The meat of the algorithm is the `evolve` function that, appropriately enough, evolves a `Population`.

```evolve :: RandomGen g => Population -> Rand g Population
evolve p@(info@(PopInfo {size, crossover, elitism, mutation}), genes) =
(info,) . sortBy (comparing fitness) . (take idx genes ++) <\$>
replicateM (size - idx) (twoM getRandom >>= go)
where idx = round (fromIntegral size * elitism)
go (r1,r2) | r1 <= crossover =
selectParents p >>= uncurry mate >>= addChild r2
| otherwise = addMutation r2
addChild r c
| r <= mutation = mutate c
| otherwise = return c
addMutation r
| r <= mutation = mutate . (genes !!) =<< getRandomR (idx, size - 1)
| otherwise = (genes !!) <\$> getRandomR (idx, size - 1)
```

Now we're ready to kick off a multi-generation quest for the string we already wrote down up top.

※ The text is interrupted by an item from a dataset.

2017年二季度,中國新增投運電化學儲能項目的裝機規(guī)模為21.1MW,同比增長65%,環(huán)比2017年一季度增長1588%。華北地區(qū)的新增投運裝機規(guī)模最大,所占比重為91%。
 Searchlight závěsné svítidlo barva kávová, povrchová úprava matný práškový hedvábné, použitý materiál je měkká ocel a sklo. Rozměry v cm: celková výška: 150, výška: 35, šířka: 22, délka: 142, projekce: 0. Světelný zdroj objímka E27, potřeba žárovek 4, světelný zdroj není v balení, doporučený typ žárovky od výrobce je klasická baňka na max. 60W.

```iterateUntil :: Monad m => (a -> Bool) -> (a -> m a) -> a -> m a
iterateUntil stop f = go
where go x | stop x = return x
| otherwise = f x >>= go

maxGenerations :: Int
maxGenerations = 16384

main = evalRandIO (randomPop defaultPop >>= iterateUntil done step . (, 0))
>>= result
where step (p,gen) = (,) <\$> evolve p <*> pure (gen+1)
done ((_, g:_), generation) =
generation == maxGenerations || fitness g == 0
result ((_, g:_), generation)
| generation == maxGenerations =
putStrLn "Maximum generations reached without success."
| fitness g == 0 = printf "Reached target (%d): %s\n" generation g
| otherwise = putStrLn "Evolution is hard. Let's go shopping."
```

In keeping with the spirit of the original programs, we include tests to exercise some of the component functionality we've put together.

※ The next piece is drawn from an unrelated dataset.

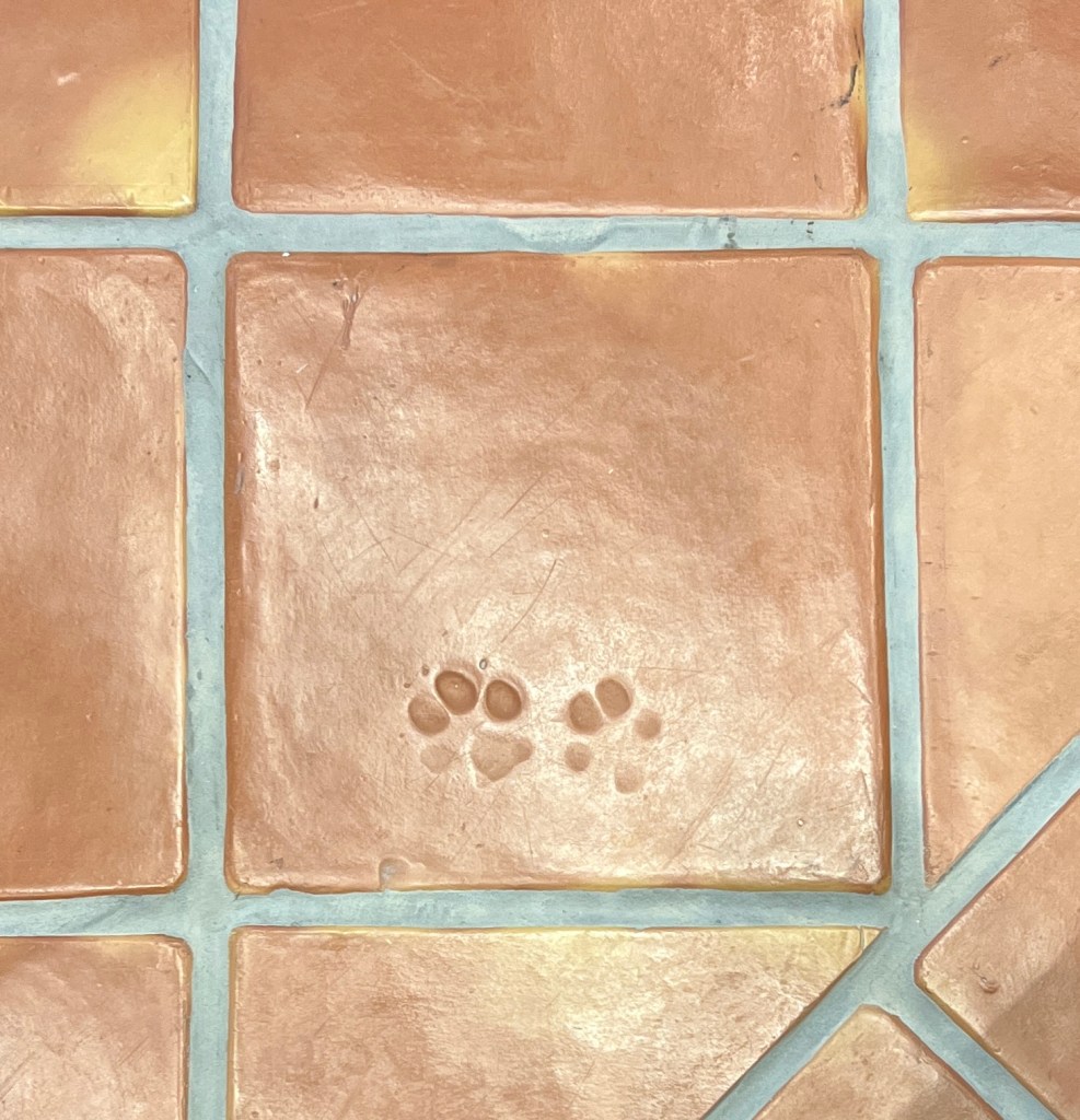 The floor tiles were made in Guatemala and dried outside. Throughout the building, you can see the tracks of the animals that passed by before the tiles were set.
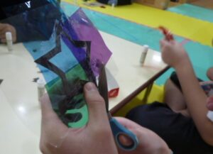 カラーセロファンや黒い画用紙を使って、好きな形を切り抜いたり、

```testGen = run (evalRandIO randomGene) >>= assert . check
where check g = and \$ map (\$ g) [ (>= 0) . fitness
, (== 13) . length
, all (between 32 122 . fromEnum) ]
between l r x = l <= x && x <= r

testMut = run (evalRandIO \$ randomGene >>= pairWithMutant) >>= assert . check
where pairWithMutant = liftA2 (,) <\$> pure <*> mutate
check (g,m) = length g == length m && length (nub g \ nub m) <= 1

testMate = run (evalRandIO \$ twoM randomGene >>= pairWithChild) >>=
assert . check
where pairWithChild (mom,dad) = (mom,dad,) <\$> mate mom dad
check (m,d,c) = length c == 13 &&
(and . map (\(_,y,z) -> y == z) .
dropWhile (\(x,y,_) -> x == y) \$ zip3 m c d)

unitTests = test [ "fitness1" ~: 0 ~=? fitness "Hello, world!"
, "fitness2" ~: 399 ~=? fitness "H5p&J;!l<X\7l"
, "fitness3" ~: 297 ~=? fitness "Vc;fx#QRP8V\\$"
, "fitness4" ~: 415 ~=? fitness "t\O`E_Jx\$n=NF" ]

runTests = do mapM_ (quickCheck . monadicIO) [testGen, testMut, testMate]
runTestTT unitTests
```

You can compile this post with GHC, or just run it in GHCi to poke around and ensure that the tests all pass.